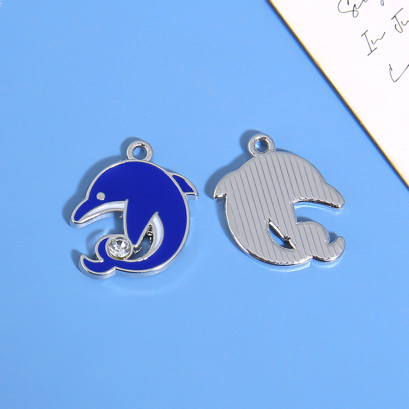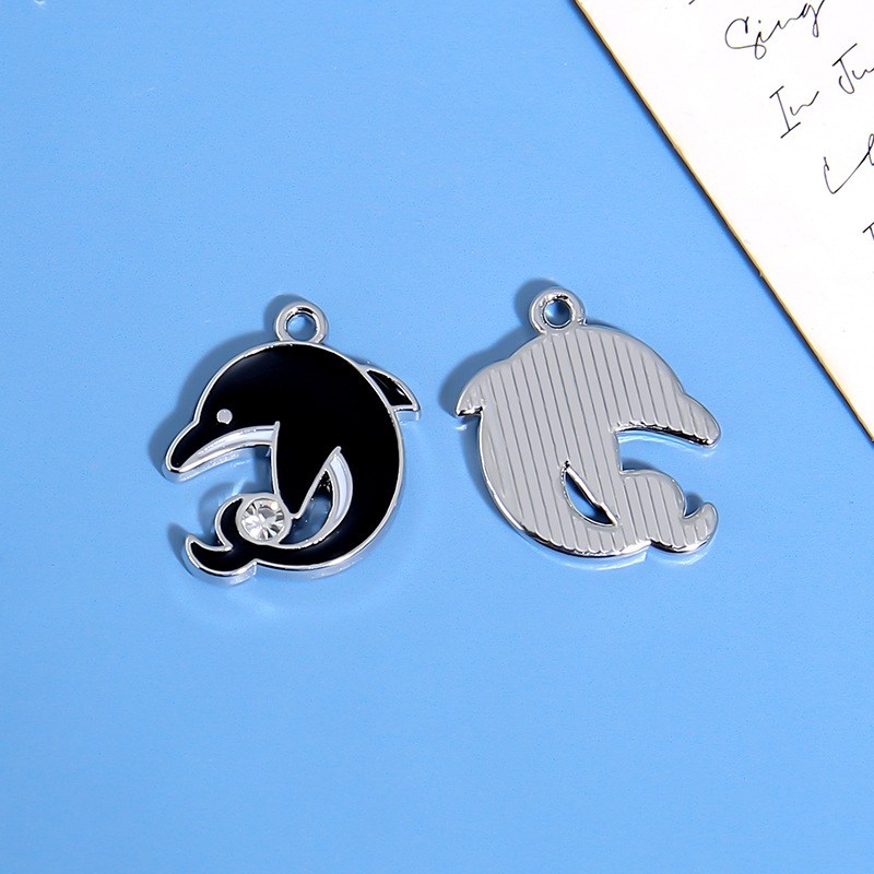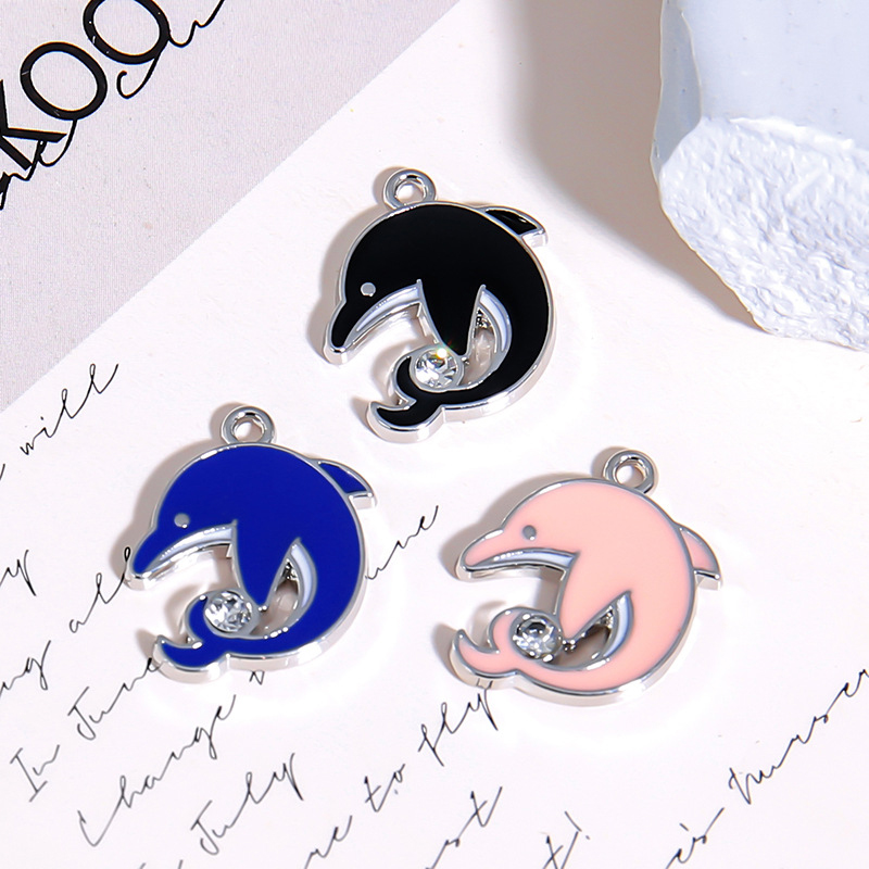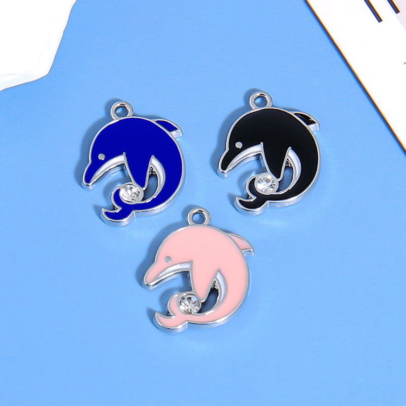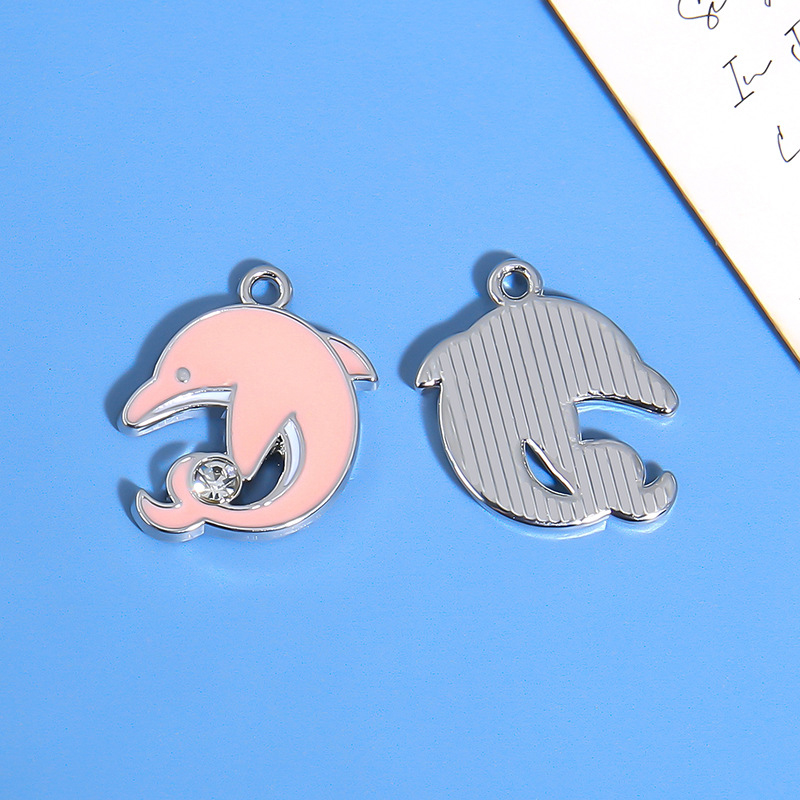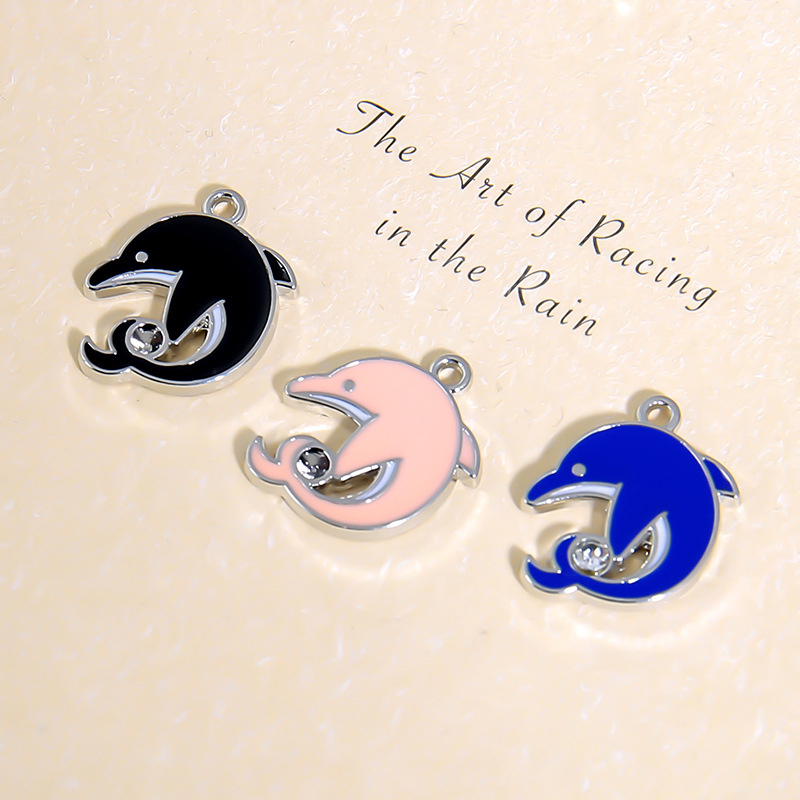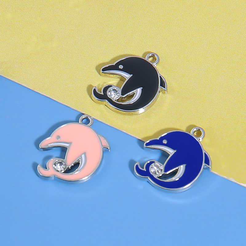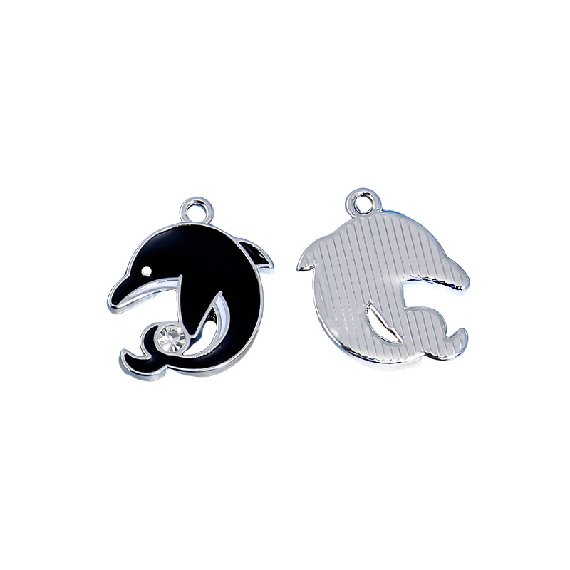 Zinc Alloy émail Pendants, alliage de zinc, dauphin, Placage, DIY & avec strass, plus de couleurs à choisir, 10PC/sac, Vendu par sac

...

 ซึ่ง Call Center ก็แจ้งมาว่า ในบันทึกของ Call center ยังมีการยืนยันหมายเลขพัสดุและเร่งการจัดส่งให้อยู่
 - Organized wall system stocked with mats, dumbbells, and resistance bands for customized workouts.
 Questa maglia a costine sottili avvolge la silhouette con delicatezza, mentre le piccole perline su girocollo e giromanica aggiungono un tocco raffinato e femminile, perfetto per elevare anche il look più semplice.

What you should do: I'd like the lines above from the one with "ซึ่ง Call Center" up to and including the one with "Questa maglia a" copied exactly, with no other lines.

Response below:
 ซึ่ง Call Center ก็แจ้งมาว่า ในบันทึกของ Call center ยังมีการยืนยันหมายเลขพัสดุและเร่งการจัดส่งให้อยู่
 - Organized wall system stocked with mats, dumbbells, and resistance bands for customized workouts.
 Questa maglia a costine sottili avvolge la silhouette con delicatezza, mentre le piccole perline su girocollo e giromanica aggiungono un tocco raffinato e femminile, perfetto per elevare anche il look più semplice.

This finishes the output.